Да там и разваливать-то нечего… Сейчас ведутся переговоры о мере пресечения, скорее всего, будет формальное задержание и освобождение под залог. Но я должна скрываться еще несколько дней. Я за этим к тебе и пришла. Видишь ли, – она с улыбкой поежилась, – никому и в голову не придет, что у тебя может быть какая-то недвижимость. По этому адресу ты не зарегистрирован. Пока сообразят… Кроме того, всем, кому надо, известно, что мы с тобой поссорились насмерть. Помнишь, как орали друг на друга? Этажом ниже все ушки были на макушках…

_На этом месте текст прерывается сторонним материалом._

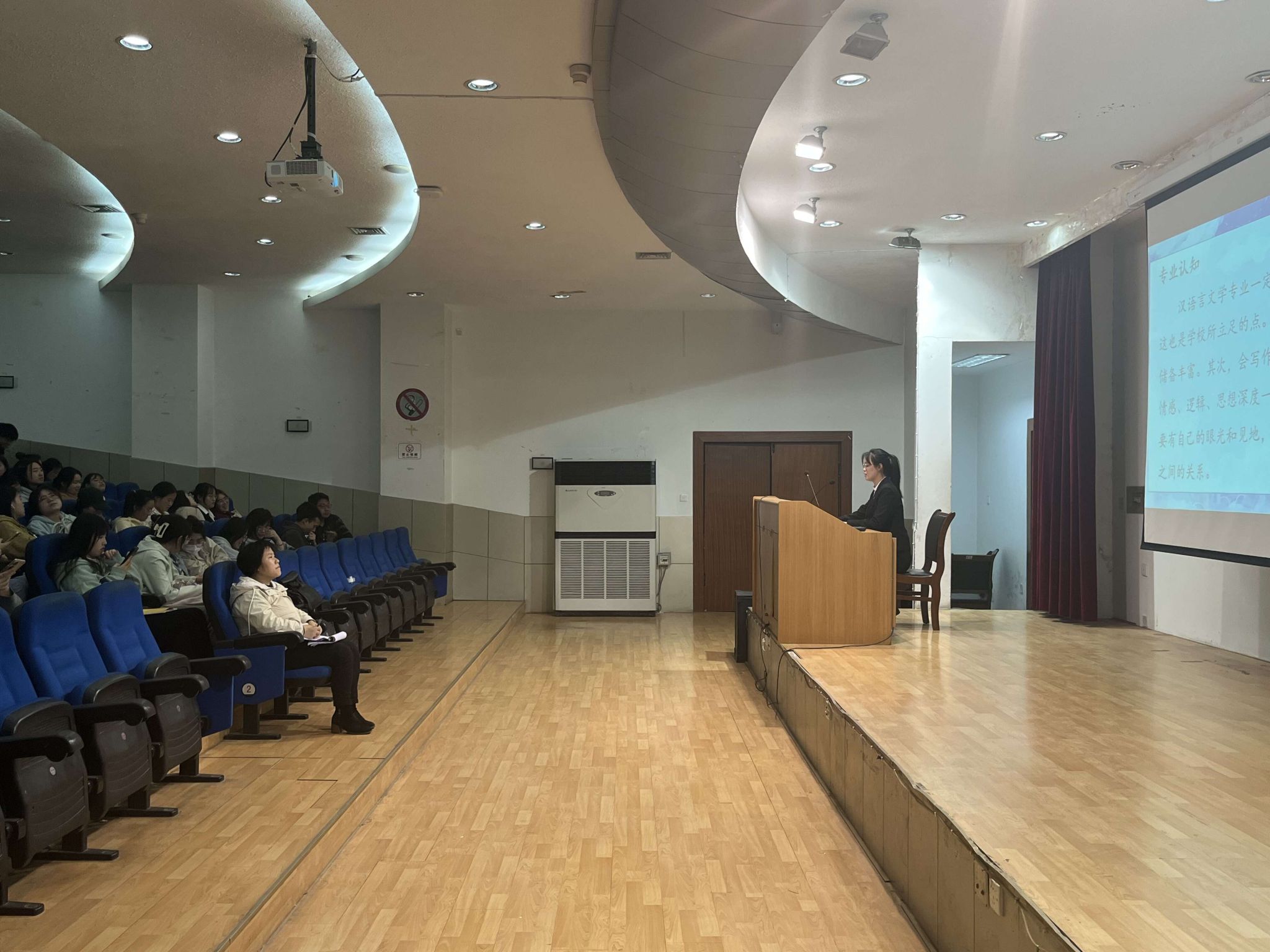 2023年4月7日晚上,滚球买球的app官网在江南校区一号楼报告厅组织召开“地方企业行业问题讲座”学习汇报会。汉语言文学系主任韩文霞及本专业2020级全体学生参会。

– Конечно, оставайся, живи, сколько хочешь! – с жаром воскликнул Крылов. – Я на всякий случай под дверью буду спать. Только вот за револьвером к матери схожу.
– Глупости! – Тамара резко дернула плечом. – Нет, правда, не сердись. Чего нам сейчас не хватает, так это, конечно, пальбы. Желательно по милиции. Все вокруг действительно стреляют, но нам в обозримом будущем всякое лыко в строку. Когда ты только повзрослеешь?
Крылов насупился, уставившись в мокрую кружку, где нехотя сползались прозрачные, словно бы жирные капли водки и воды.
– Может, и глупости, – сказал он угрюмо. – Но я ничего другого не могу. Объективно. И те, кто воюет на улицах за белых и красных, тоже ничего другого не могут. Ну, просто в детство впадают. И как будто ничего не происходит. Нет ни дефолта, ни кризиса, ни обращения Президента. Подумаешь, образовалась где-то сотня-другая трупов. Кровь стекает, как с гуся вода.
– Помнишь, мы как-то говорили, что гуманизм закончился, – устало ответила Тамара. – Ты же историк. Много стоила человеческая жизнь в каком-нибудь Древнем Египте или в Средние века? Ну вот, она и сейчас стоит примерно столько же. Коммунистическая модель провалилась тридцать лет назад, а сейчас потихоньку сдувается западная модель демократии и либеральных ценностей. Все это ужасно, может быть. Одновременно все происходит наилучшим образом. Наилучшим из возможных. С наименьшими потерями. Только мало кто способен это оценить.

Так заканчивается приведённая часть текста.